Tutto quanto è ordine, precisione, razionalità mi vede sempre impelagato in una incredibile, inaccettabile inadeguatezza. Per esempio negli anni non mi sono fatto un archivio decente, strumento utilissimo per qualsiasi giornalista. A farmi mancare questo obiettivo ha contribuito un altro mio difettuccio, la pigrizia. Il fatto di avere per tanti anni a La Prealpina un direttore come Mario Lodi – il massimo anche della precisione e dell’efficienza organizzativa – mi aveva indotto a evitare la fatica di un archivio personale. Ecco perché oggi di tracce e di documenti della mia attività di cronista ne ho pochissimi, mi sono invece “sprecato” con qualche foto in più, tutte dedicate a momenti sereni.

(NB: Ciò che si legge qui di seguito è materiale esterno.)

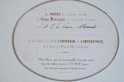 Imprimé en lettres dorées. Cachet gaufré du cabinet du préfet.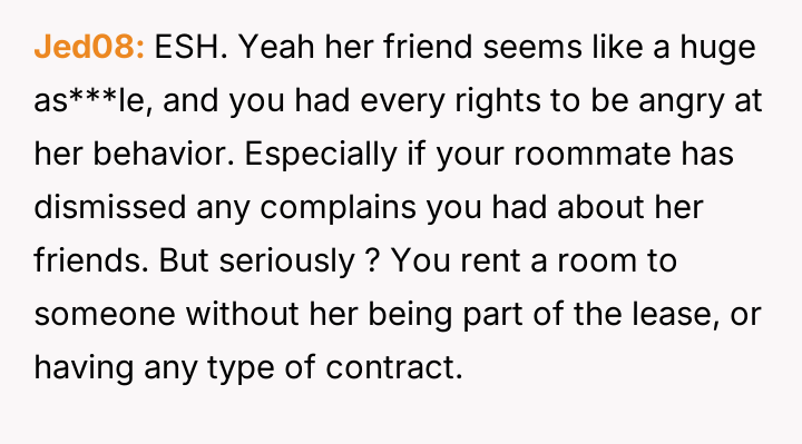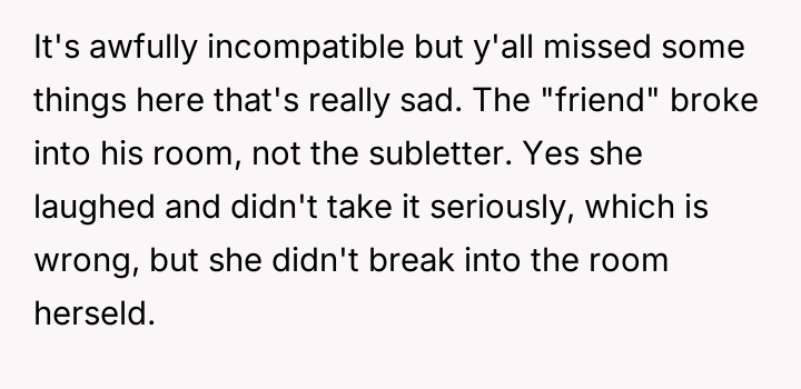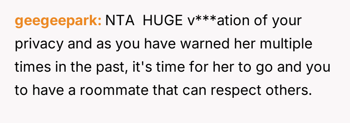 The question remains whether the OP's immediate and absolute termination of the living arrangement is a justified response to the highly invasive incident, or if it const*tutes an overly harsh reaction given the roommate's partial financial contribution.

È stato il ritrovamento occasionale tra le pagine di un libro, quindi non nel microspazio dedicato all’archivio, di una foto “misteriosa” a indurmi a confessare la mia idiosincrasia per la documentazione in genere. La foto non ha riferimento alcuno a luogo, data e motivo per il quale è stata scattata. Insomma una archiviazione alla Vedani. Quattro i soggetti che appaiono: in primo piano oltre al sottoscritto due personaggi del tempo, due galantuomini della politica e della gestione della cosa pubblica, due socialisti: Sergio Marvelli e Salvatore Caminiti. Il primo fu presidente in Regione, il secondo assessore alla cultura a Palazzo Estense. È il quarto personaggio che mi ha indotto a definire “misteriosa” la foto: in secondo piano, non interessato né all’obbiettivo del fotografo né quindi al colloquio tra il giornalista e i politici, con una espressione se non di noia almeno di indifferenza. È Piero Chiara in un isolamento totale dall’avvenimento in corso.
Il grande scrittore non amava la politica, lo si poteva trovare a volte in centro nella sede del Partito Liberale, la meno frequentata in Italia, a Varese, non tutti i giorni, da due-tre persone, Chiara e Mauro Raffo compresi. Il PLI un rifugio, anche per scrivere.
Le sue apparizioni pubbliche avevano un preciso riferimento nello Zamberletti di corso Matteotti; erano frequenti, in genere i clienti rispettavano la privacy dello scrittore mentre amici e conoscenti avevano cordiale udienza. Proprio non ricordo che ci facesse Piero Chiara nel luogo in cui lo immortalò il fotografo come apparizione e testimonianza, a volte silenziose, in qualche suo film. Una spiegazione logica potrebbe far risalire la sua presenza a una manifestazione culturale tenuto conto che Caminiti fu un vulcano di iniziative e di lavoro a favore della città, ma un evento del genere non avrebbe visto in disparte Piero, anzi egli ne sarebbe stato un richiamo.
Non ne faccio un problema di questa foto, sono comunque contento di averla trovata perché mi ha riportato a tempi in cui senza tema di smentite tutti avevamo certamente problemi, ma si era ben più sereni. E la presenza di Chiara, pur con le sue valutazioni al cianuro su Varese, per la città era di stimolo e conforto, al pari dei politici galantuomini.
Ce ne sono ancora oggi, ma li vediamo ingabbiati in un sistema spesso spersonalizzante e demoralizzante, vittime essi pure di una partitocrazia che domina tutto e tutti. E che alla fine combina ben poco se dopo trent’anni vediamo irrisolti problemi che già allora infiammavano la città.
Forse l’atteggiamento lontano, distaccato, di Chiara nella foto è profetico: nessuno meglio degli uomini di cultura sa leggere il futuro. Il piatto allora piangeva, ma c’erano grandi speranze e fermenti. Oggi il piatto piange, Piero non c’è più. Ed è meglio lasciar stare gli archivi altrimenti scappa la voglia di lottare per la nostra Varese.